Exercise aim =
Without the pictures, extract every line from the start of the material to the line containing "Black Sequin Currans Pointed-Toe Ankle Boots", both ends included.

Provided material =
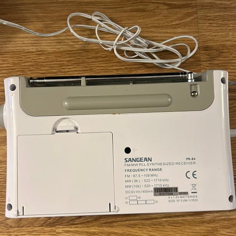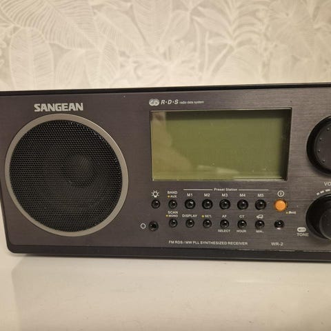 Sangean PR-D4P FM/AM digital radio. Modellen har digital display med klocka, förinställningsknappar för radiokanaler, volymratt på sidan samt teleskopantenn. Utrustad med hörlursuttag och ingång för extern strömförsörjning (DC IN 6V/400 mA). Batterifack på baksidan för portabel användning. Lämplig som bordsradio eller portabel radio för FM- och AM-mottagning. Är endast uppbackad men inte använd så det är nyskick.
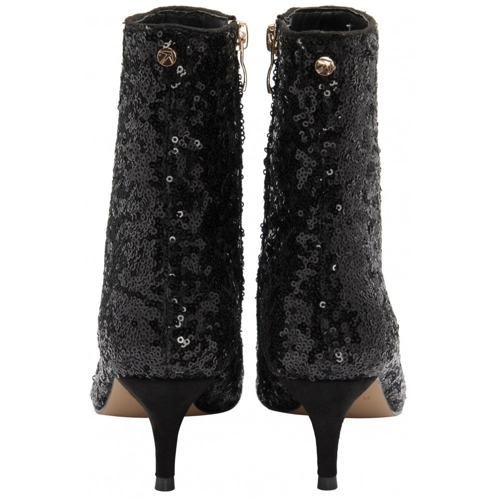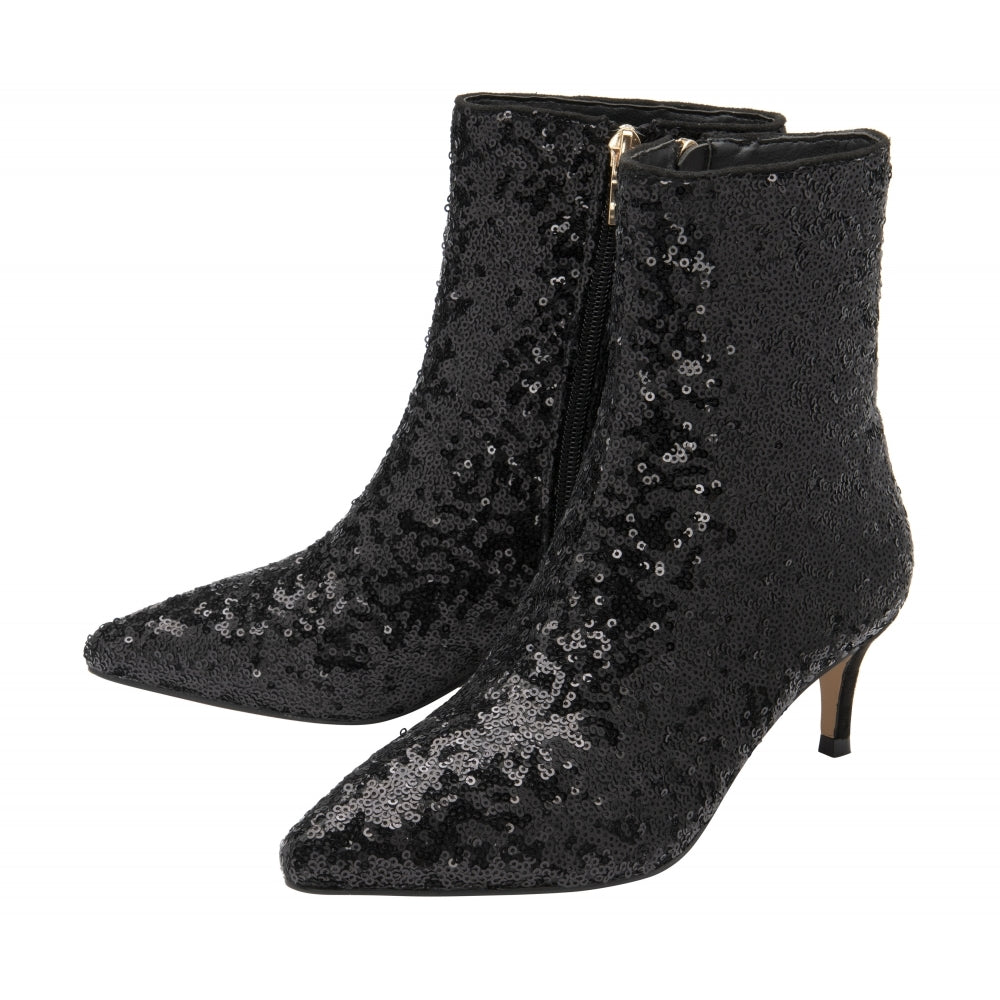 Black Sequin Currans Pointed-Toe Ankle Boots
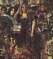 Можно было бы заметить, что соединение чувственной красоты с настроениями тоски и тревоги – не редкость в искусстве и свойственно не только модерну. Но дело не в том. Нужно очень серьёзно отнестись к предположению, что Врубель был активным творцом русского модерна. Если оно справедливо, образ художника четко локализируется во времени, занимает, так сказать, законное историческое место, зато отходит в область легенды романтическое представление о « единственном», об одиноком гениальном пришельце то ли из эпохи Возрождения, толи из средних веков, созданное и прижизненными биографами Врубеля, и поэтами – Блоком, Брюсовым, - и стоустой молвой. Тогда, значит, более прав Н. П. Ге: искусство Врубеля было только» одним из лучших выражений» настроений, охвативших людей в конце XIX века, мы начинаем представлять себе Врубеля не стоящим, подобно Демону, на горной вершине, а « в среде» -одним из участников абрамцевского кружка, одним из экспонентов « Мира искусства», одним из художников театра . . . словом, не « один», а «один из», хотя бы и из самых выдающихся.
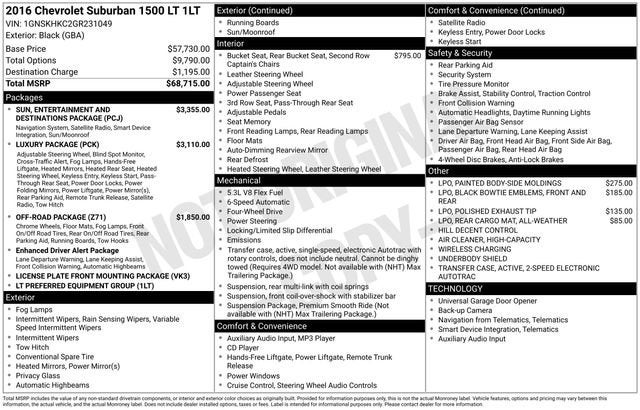 18 x 8.5 High-Polished Aluminum Finish Wheels, 1st & 2nd Row Color-Keyed Carpeted Floor Mats, 2 Front Frame-Mounted Black Recovery Hooks, 2-Speed Active Electronic AutoTrac Transfer Case, 2nd Row 60/40 Split-Folding Manual Bench, 2nd Row Pwr Release 60/40 Split Folding Bench Seat, 3rd Row 60/40 Power Fold Split-Bench, 3rd Row DVD Screen, 3rd Row Manual 60/40 Split-Folding Fold Flat Bench, 3rd row seats: split-bench, 4-Wheel Antilock Disc Brakes, 4-Wheel Disc Brakes, 5 12-Volt Auxiliary Power Outlets, 6-Way Power Front Passenger Seat Adjuster, 9 Speakers, ABS brakes, Adjustable pedals, Air Conditioning, All-Weather Rear Cargo Mat (LPO), Alloy wheels, AM/FM radio: SiriusXM, Apple CarPlay, Auto High-beam Headlights, Auto-dimming door mirrors, Auto-Dimming Inside Rear-View Mirror, Auto-dimming Rear-View mirror, Automatic temperature control, Black Assist Steps, Black Tow Hooks, Black Tubular Assist Steps, Bose Premium Audio System Feature, Brake assist, Bumpers: body-color, CD player, Color-Keyed Carpeting Floor Covering, Compass, Delay-off headlights, Driver & Front Passenger Airbags, Driver door bin, Driver vanity mirror, Dual front impact airbags, Dual front side impact airbags, Electronic Cruise Control w/Set & Resume Speed, Electronic Stability Control, Emergency communication system: OnStar Guidance, Enhanced Driver Alert Package (Y86), Enhanced Driver Instrument Information Display, Extended-Range Remote Keyless Entry, Exterior Parking Camera Rear, Floor Console w/Storage Area, Fog Lamps, Forward Collision Alert Sensor Indicator, Front & Rear Black Bowtie Emblems (LPO), Front & Rear Parking Assist, Front anti-roll bar, Front Bucket Seats, Front Center Armrest, Front dual zone A/C, Front reading lights, Front wheel independent suspension, Fully automatic headlights, Garage door transmitter, Hands Free Power Liftgate, HD Radio, Heated 2nd Row Seats, Heated door mirrors, Heated Front Reclining Bucket Seats, Heated front seats, Heated Leather Wrapped Steering Wheel, Hill Descent Control, Illuminated entry, Intellibeam Headlamps w/Automatic High Bean On/Off, Lane Departure Warning & Safety Alert Seat, Lane Keep Assist, Leather-Appointed Seat Trim, Leather-Wrapped Steering Wheel, License Plate Front Mounting Package, Low tire pressure warning, Luxury Package, Memory seat, Memory Settings, Occupant sensing airbag, Off-Road Z71 Suspension Package, OnStar Basic Plan For 5 Years, OnStar w/4G LTE, Outside temperature display, Overhead airbag, Overhead console, Painted Body-Side Moldings (LPO) (DISC), Panic alarm, Passenger door bin, Passenger vanity mirror, Passive Entry System, Pedal memory, Polished Exhaust Tip, Power door mirrors, Power driver seat, Power Folding & Adjustable Heated Outside Mirrors, Power Liftgate, Power passenger seat, Power Release 2nd Row Bucket Seats, Power steering, Power Tilt & Telescoping Steering Column, Power Tilt-Sliding Sunroof w/Express-Open/Close, Power windows, Power-Adjustable Accelerator & Brake Pedals, Preferred Equipment Group 1LT, Premium Smooth Ride Suspension Package, Push Button Keyless Start, Radio: Chevrolet MyLink AM/FM Stereo, Radio: Chevrolet MyLink AM/FM Stereo w/Navigation, Rain sensing wipers, Rear air conditioning, Rear anti-roll bar, Rear Cross-Traffic Alert Sensor Indicator, Rear Park Assist w/Audible Warning, Rear reading lights, Rear seat center armrest, Rear Seat Entertainment System, Rear window defroster, Rear window wiper, Remote keyless entry, Roof rack: rails only, Roof-Mounted Luggage Rack Side Rails, Security system, Side Blind Zone Alert w/Lane Change Alert, Single-Slot CD/MP3 Player, SiriusXM Satellite Radio, Speed control, Speed-sensing steering, Split folding rear seat, Spoiler, Steering wheel mounted audio controls, Sun, Entertainment & Destinations Package, Tachometer, Telescoping steering wheel, Tilt steering wheel, Traction control, Trip computer, Universal Home Remote

Result for this exercise =
 Sangean PR-D4P FM/AM digital radio. Modellen har digital display med klocka, förinställningsknappar för radiokanaler, volymratt på sidan samt teleskopantenn. Utrustad med hörlursuttag och ingång för extern strömförsörjning (DC IN 6V/400 mA). Batterifack på baksidan för portabel användning. Lämplig som bordsradio eller portabel radio för FM- och AM-mottagning. Är endast uppbackad men inte använd så det är nyskick.
 Black Sequin Currans Pointed-Toe Ankle Boots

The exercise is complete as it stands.